Data extract
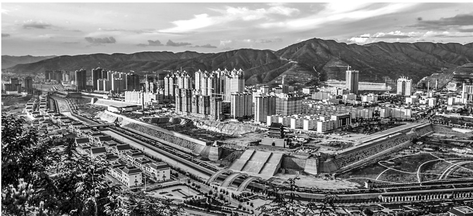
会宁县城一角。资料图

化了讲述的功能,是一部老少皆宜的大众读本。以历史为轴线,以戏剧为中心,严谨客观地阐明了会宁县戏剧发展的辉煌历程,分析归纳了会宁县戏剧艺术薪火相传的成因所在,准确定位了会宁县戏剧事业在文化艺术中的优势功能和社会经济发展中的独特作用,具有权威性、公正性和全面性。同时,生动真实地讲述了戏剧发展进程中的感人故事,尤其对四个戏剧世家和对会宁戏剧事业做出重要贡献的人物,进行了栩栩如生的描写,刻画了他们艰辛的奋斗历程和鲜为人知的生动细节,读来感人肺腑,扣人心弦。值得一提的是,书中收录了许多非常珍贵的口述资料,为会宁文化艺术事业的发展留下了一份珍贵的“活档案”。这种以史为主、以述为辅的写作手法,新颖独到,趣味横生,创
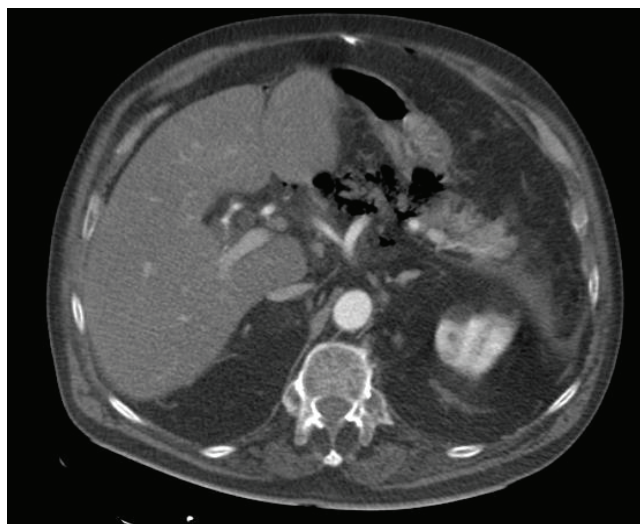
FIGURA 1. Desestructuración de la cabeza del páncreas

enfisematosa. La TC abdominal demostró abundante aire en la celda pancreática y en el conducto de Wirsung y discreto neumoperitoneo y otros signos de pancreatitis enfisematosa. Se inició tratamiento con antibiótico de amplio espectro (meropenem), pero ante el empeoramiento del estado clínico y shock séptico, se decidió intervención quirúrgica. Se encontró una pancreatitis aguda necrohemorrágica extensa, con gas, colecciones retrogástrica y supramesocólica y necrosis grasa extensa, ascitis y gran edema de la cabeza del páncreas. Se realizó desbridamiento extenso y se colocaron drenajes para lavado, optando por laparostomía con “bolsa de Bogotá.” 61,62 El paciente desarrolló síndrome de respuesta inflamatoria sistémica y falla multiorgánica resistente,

Task brief
Reproduce exactly the lines above from the one with "化了讲述的功能,是一部老少皆" through the last line of the data, keeping both ends and dropping the pictures.

Task response
化了讲述的功能,是一部老少皆宜的大众读本。以历史为轴线,以戏剧为中心,严谨客观地阐明了会宁县戏剧发展的辉煌历程,分析归纳了会宁县戏剧艺术薪火相传的成因所在,准确定位了会宁县戏剧事业在文化艺术中的优势功能和社会经济发展中的独特作用,具有权威性、公正性和全面性。同时,生动真实地讲述了戏剧发展进程中的感人故事,尤其对四个戏剧世家和对会宁戏剧事业做出重要贡献的人物,进行了栩栩如生的描写,刻画了他们艰辛的奋斗历程和鲜为人知的生动细节,读来感人肺腑,扣人心弦。值得一提的是,书中收录了许多非常珍贵的口述资料,为会宁文化艺术事业的发展留下了一份珍贵的“活档案”。这种以史为主、以述为辅的写作手法,新颖独到,趣味横生,创
FIGURA 1. Desestructuración de la cabeza del páncreas

enfisematosa. La TC abdominal demostró abundante aire en la celda pancreática y en el conducto de Wirsung y discreto neumoperitoneo y otros signos de pancreatitis enfisematosa. Se inició tratamiento con antibiótico de amplio espectro (meropenem), pero ante el empeoramiento del estado clínico y shock séptico, se decidió intervención quirúrgica. Se encontró una pancreatitis aguda necrohemorrágica extensa, con gas, colecciones retrogástrica y supramesocólica y necrosis grasa extensa, ascitis y gran edema de la cabeza del páncreas. Se realizó desbridamiento extenso y se colocaron drenajes para lavado, optando por laparostomía con “bolsa de Bogotá.” 61,62 El paciente desarrolló síndrome de respuesta inflamatoria sistémica y falla multiorgánica resistente,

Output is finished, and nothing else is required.